The latest entry, which should have been titled Thor: His Worst Day Ever, the God of Thunder finds himself chained and imprisoned by Surtur, his hammer destroyed, his people forced to flee from Hela, forced to participate in gladiator matches against The Incredible Hulk, and forcing himself to ally with his brother Loki in a scheme that could destroy his homeworld. Joining the forces of good are “The Revengers” (Thor’s joke referencing The Avengers) are Bruce Banner and Valkyrie, a bounty hunter with a secret past.
In the comic books, Valkyrie was bisexual, a major participant in Marvel’s The Defenders series, died, and was later brought back to life by Doctor Strange. Her story, interlaced throughout the comics, is so complex it would take a professor with a Ph.D. to document and clarify. In Norse mythology, she had the power to decide who should live and die in battle. In Thor: Ragnarok, her sexual lifestyle was shelved for a family-friendly and family-approved rendition. The death of a fallen comrade in a brief flashback would remind faithful readers of the comic books that she was bisexual, suggesting her “partner” died in battle, but imagery in the movie suggests otherwise for those, not in the know. Valkyrie is referred to as “Scrapper Number 142” in one scene… so you can impress your friends that this appears to be a nod to The Incredible Hulk issue 142, where the first incarnation of her character appeared in the Marvel comics.
This is not to say Disney had no involvement in politics or production: Thor, trying to impress Valkyrie in one scene, confesses he supports women’s equality in the military. Kong attempted to stage a revolution. The Grand Master (played by Jeff Goldblum) attempts to use virtual technology and social media to brainwash the citizens. And thanks to Disney you will see a couple nods to the Star Wars franchise in the opening scene.
Speaking of Easter Eggs (relax, never any spoilers here), be prepared to watch Korg (i.e. rock monster forced to participate in the arena) in a number of scenes — Korg was the first villain to combat Thor in the comics. Here, he proves to be a faithful friend than foe, and the rock monster not only provides comic relief but is also voiced by the director.

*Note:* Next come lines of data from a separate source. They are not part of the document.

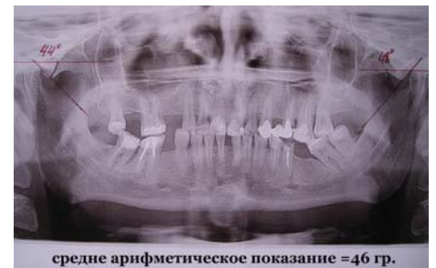
средне арифметическое показание = 46 гр.

установленным в артикуляторе – для этого устанавливали показание угла суставного наклона, вычитая или прибавляя к предустановленному в артикуляторе (обычно 30 гр.). При наклоне передней части шаблонной плоскости вниз – угол уменьшается, вверх – увеличивается. Удерживая угломер, вставленный в держатель на боковой части шаблонной плоскости в нулевом положении, наклоняли вниз или вверх шаблонную плоскость, прикрепленную к столику, до достижения нужного угла суставного наклона. К примеру, если был определен угол суставного наклона 46 гр., то к 30-ти предустановленным нужно было добавить 16, поэтому переднюю часть шаблонной плоскости (с верхней моделью в ложке), поднимали на 16 гр., следуя шкале неподвижно удерживаемого в нулевом положении угломера. Следом за гипсовывали верхнюю модель в ложке с шаблонной плоскостью – в верхнюю раму артикулятора. Удаляли ложку с ш.плоскостью и за гипсовывали модель н/ч в нижнюю раму универсального артикулятора, сопоставив в прикусе с верхней моделью. Таким образом, без серьезных затрат времени достигается более точное, чем "на глазок", расположение моделей челюстей в межрамочном пространстве универсального артикулятора и исключается ряд допусков при произвольной гипсовке, неточностей. Хотелось бы применять самые точные артикуляторы и лицевые дуги во всех работах, но пока большинство работ производят в универсальных артикуляторах, подспорье, описанное в этой статье, не будет лишним. Удачи Вам и всех благ!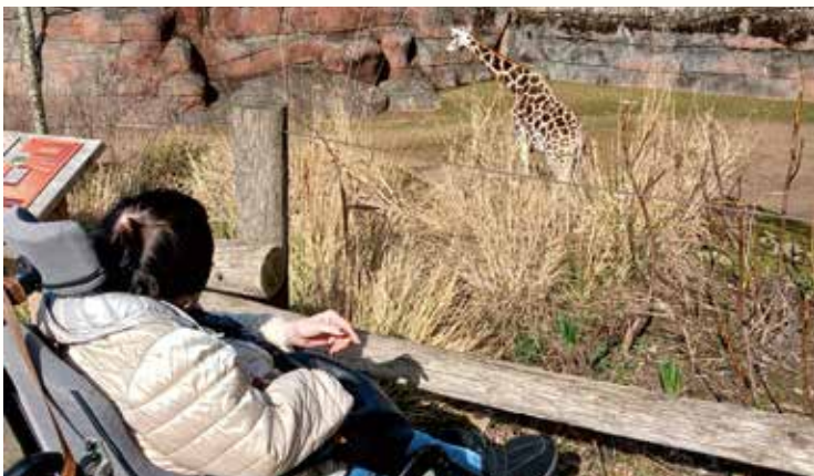
Den Moment genießen und in aller Ruhe einer Giraffe zuzuschauen.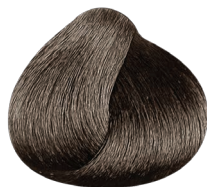
6.1 rubio oscuro ceniza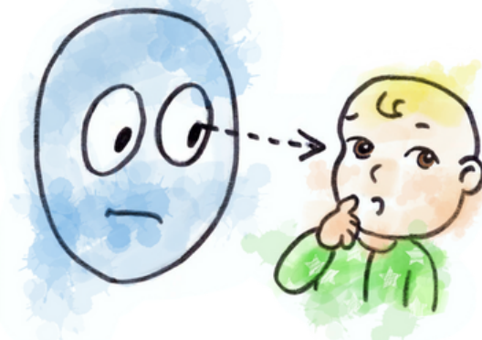
Escaso contacto ocular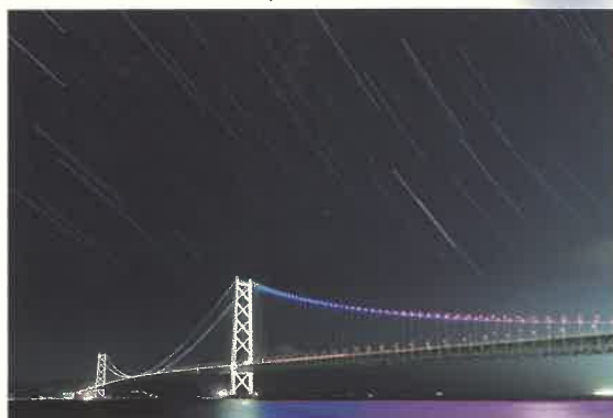
「明石海峡大橋」東山正宜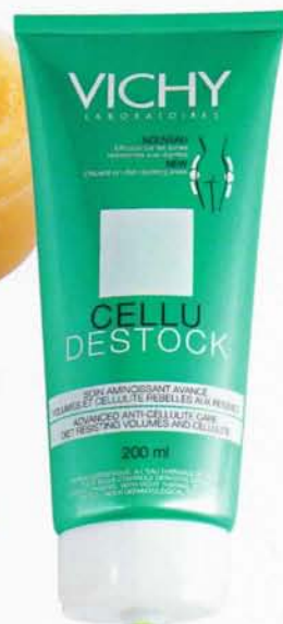
Vichyn Cellu Destock silottaa muhkurapaikoja ja kosteuttaa tehokkaasti, 26 e.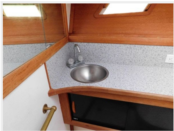
Trojan F-32 Flybridge Sportfish Sedan - Head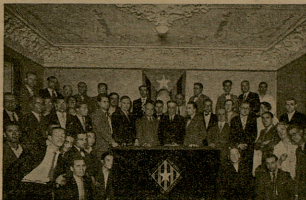
La Presidència de l'acte

El dimarts, 20 de setembre, tingué lloc l'acte inaugural del nostre nou estatge. Tot i el temps transcorregut, no volem deixar de ressenyar aquell acte magne que quedarà per sempre més com una fita memorable en la marxa ascendent del "Casal" i que ha deixat, a Gràcia, un sediment de records i d'entusiasmes que s'ha traduït, més tard, en l'augment de militants d'Esquerra que ha portat l'èxit esclatant del 20 de novembre al Districte VIII,è, com a la resta de Barcelona i de Catalunya.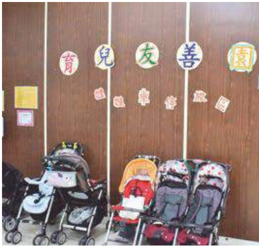
貼心的育兒友善園，讓社區關懷據點不僅有長輩們的歡笑，也充滿小朋友們開心的笑聲。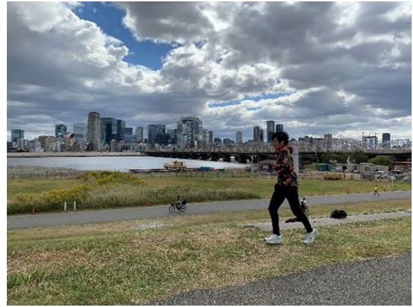
【LIVE RUN 当日参加者の様子】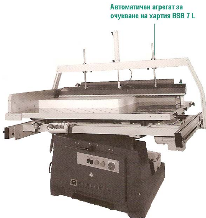
Автоматичен агрегат за очукване на хартия BSB 7 L

Очукването на готовия хартиен стапел, както и интензивното изтласкване на съдържащия се между листовете въздух, повишава точността при рязане. Същевременно така става възможно и обрязването на по-високи стапели с точно подравнени ръбове.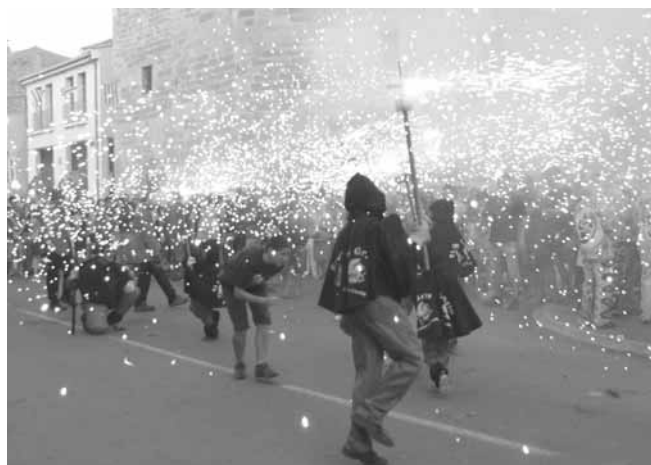
Correfocs dels Diablons

It was great to see Doctor Strange again, now more confident in his role as protector of the nine realms, and more mystery to our heroes who find themselves with nowhere else to turn. Thor knows little about the sorcerer, and Strange prefers to keep it that way.
The real scene-stealer in this movie is Cate Blanchett, the first female villain in the Marvel Cinematic Universe, and perhaps the best villain in comic book movies since Heath Ledger as The Joker in The Dark Knight. She plays the role flawlessly, with heartless malice, and in no time does it take youngsters to realize she is a woman to fear more than Loki.
While some may consider Joss Whedon’s influence on recent Marvel movies to become too silly, the comedic relief throughout this film is a welcome relief compared to the Dark Elves saga. The jokes are in all the right places. With but the exception of a few vulgar words (“hell” and “damn” and one “shit” among the mix), this movie provides competent story-telling, simplistic in execution, and proves that “fun” is not a dirty word.
Two post-credits sequences are worth waiting for — one a teaser setting up the next Avengers movie.